■ What the task requires
The response should contain only the line with "De royale en" and every line after it to the end of the listing below, duplicated exactly; no picture belongs in it.

■ Provided material
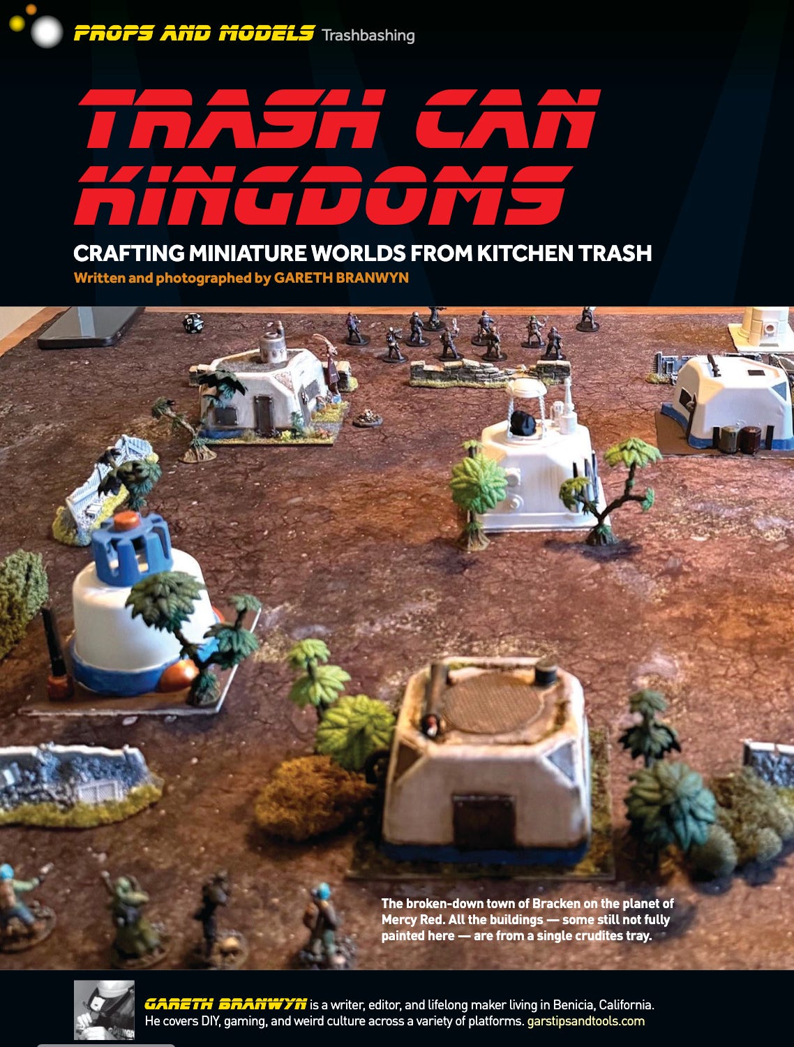 I’m so happy to see my modeling articles in the latest issue of Make:, the “Props, Models, and Miniatures” issue. I did a piece on “trashbashing” (making hobby models out of kitchen trash) and a collection of modeling, painting, and weathering tips. Bill of Bill Making Stuff has a wonderful sidebar in there, too, with his own trashbashing and modeling tips. These articles present many of my top-level takeaways on modeling for tabletop gaming. Here are a few tippy top tips:
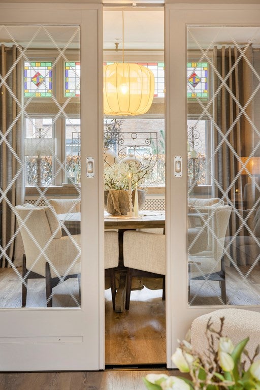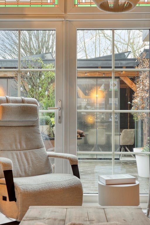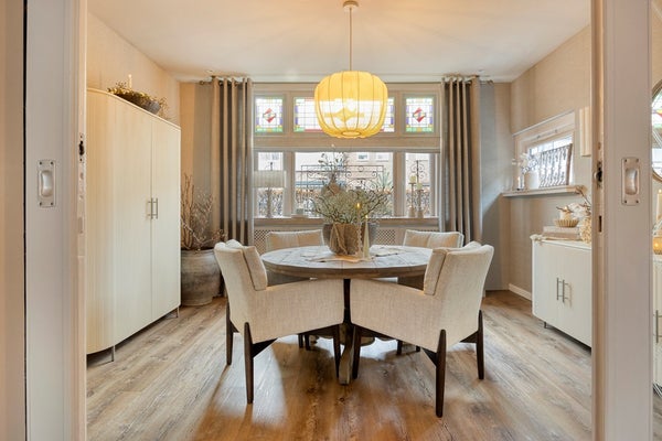 De royale en lichte woonkamer is door middel van stijlvolle ensuite deuren en vaste kasten opgedeeld in een voor- en achterkamer. De voorkamer beschikt over een sfeervolle raampartij, terwijl de achterkamer is voorzien van openslaande deuren naar de tuin en een gezellige houtkachel. Ook hier zorgen de glas-in-loodramen voor een warme en karakteristieke uitstraling. De gehele woonkamer is afgewerkt met een mooie laminaatvloer.
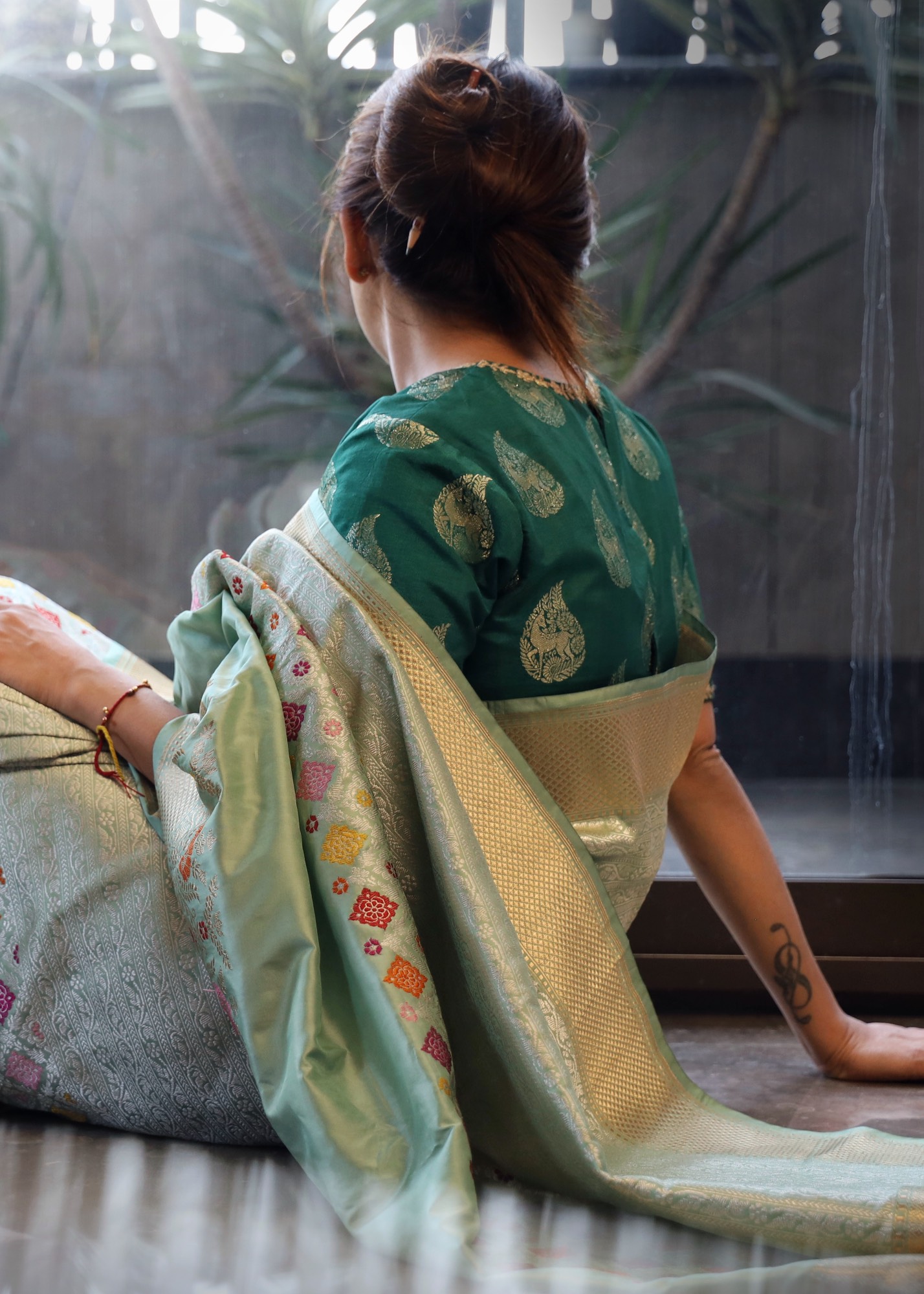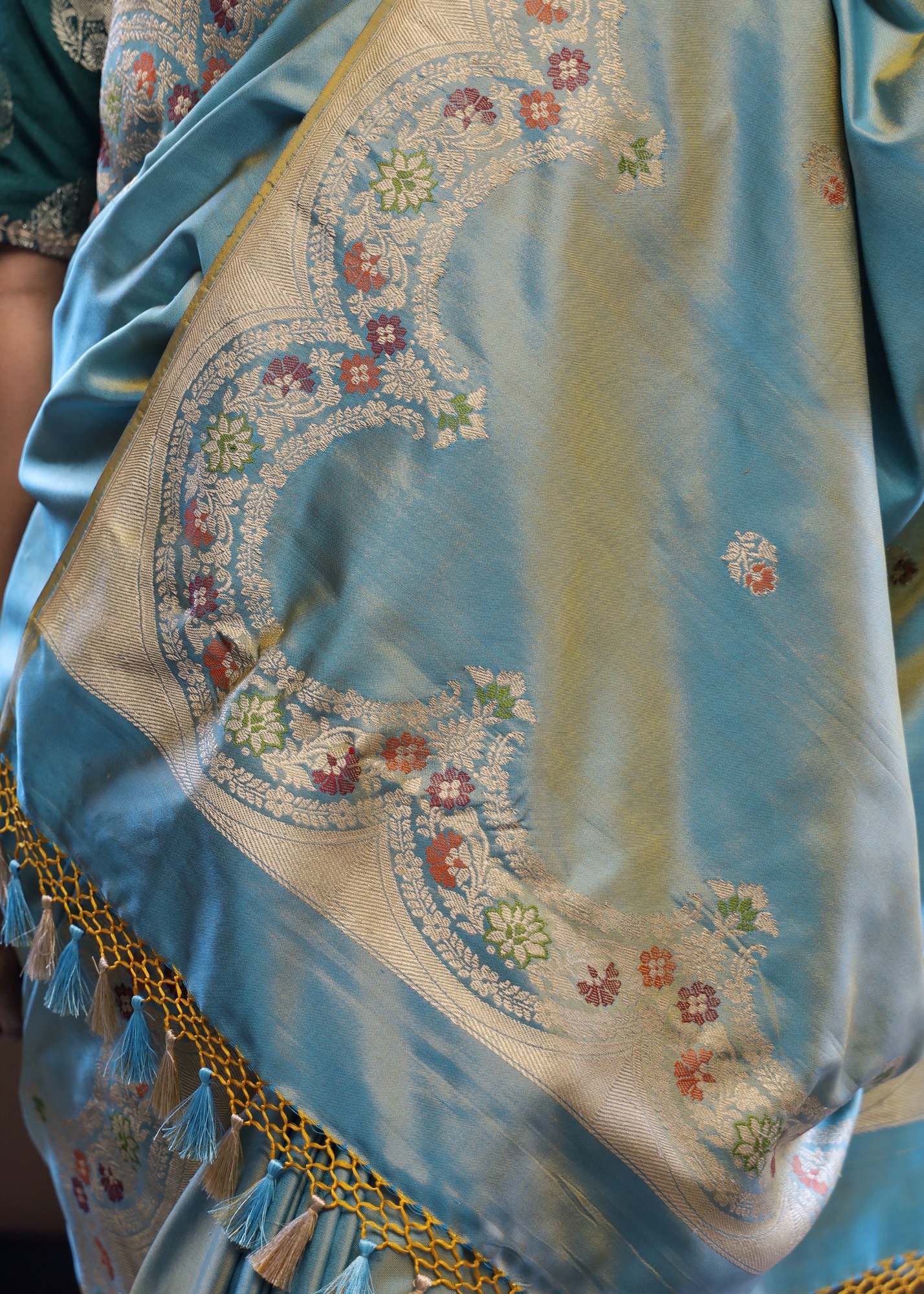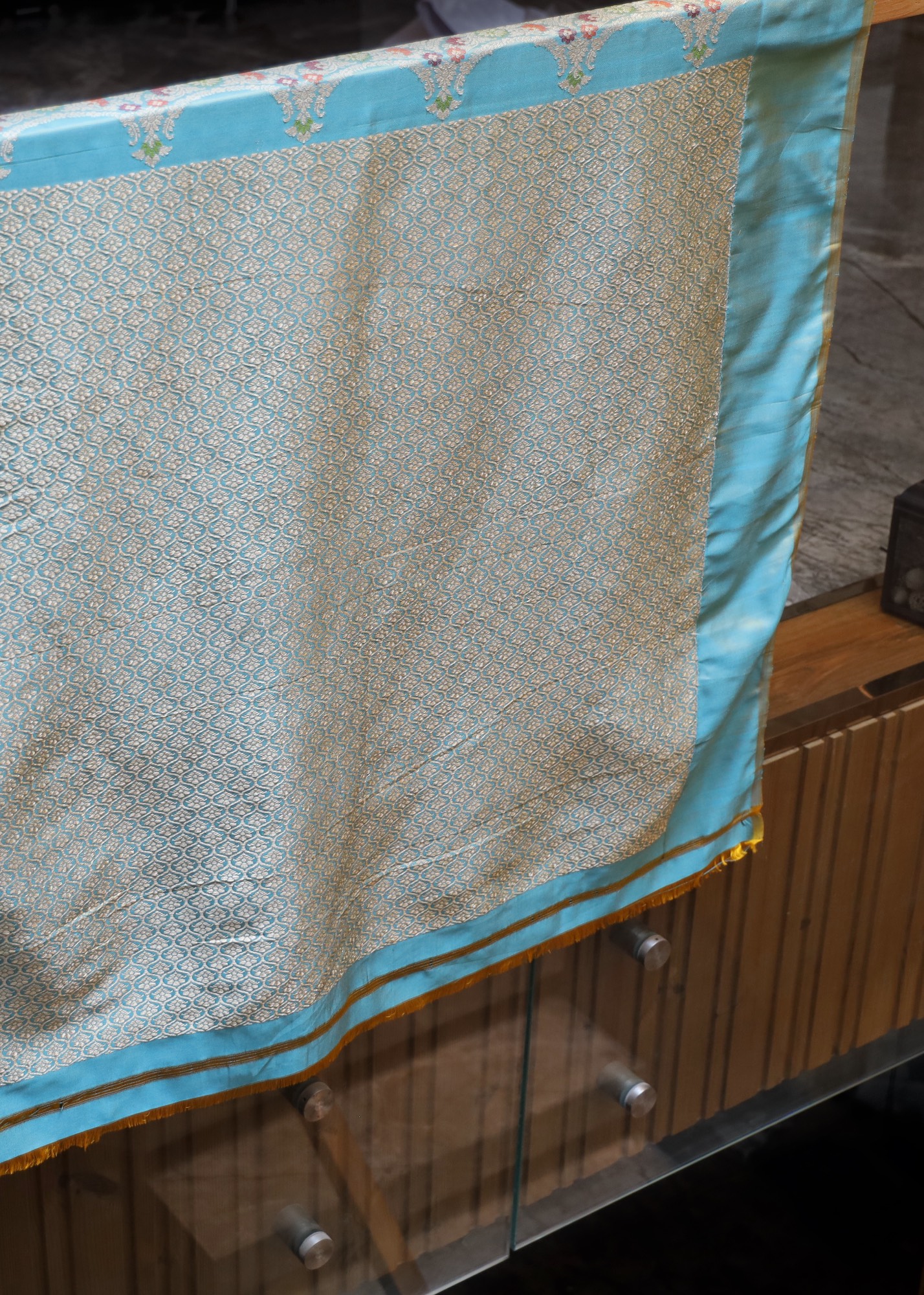 - Don’t store the saree in a plastic cover as this will cause the gold embroidery to turn black.

■ Your response
 De royale en lichte woonkamer is door middel van stijlvolle ensuite deuren en vaste kasten opgedeeld in een voor- en achterkamer. De voorkamer beschikt over een sfeervolle raampartij, terwijl de achterkamer is voorzien van openslaande deuren naar de tuin en een gezellige houtkachel. Ook hier zorgen de glas-in-loodramen voor een warme en karakteristieke uitstraling. De gehele woonkamer is afgewerkt met een mooie laminaatvloer.
 - Don’t store the saree in a plastic cover as this will cause the gold embroidery to turn black.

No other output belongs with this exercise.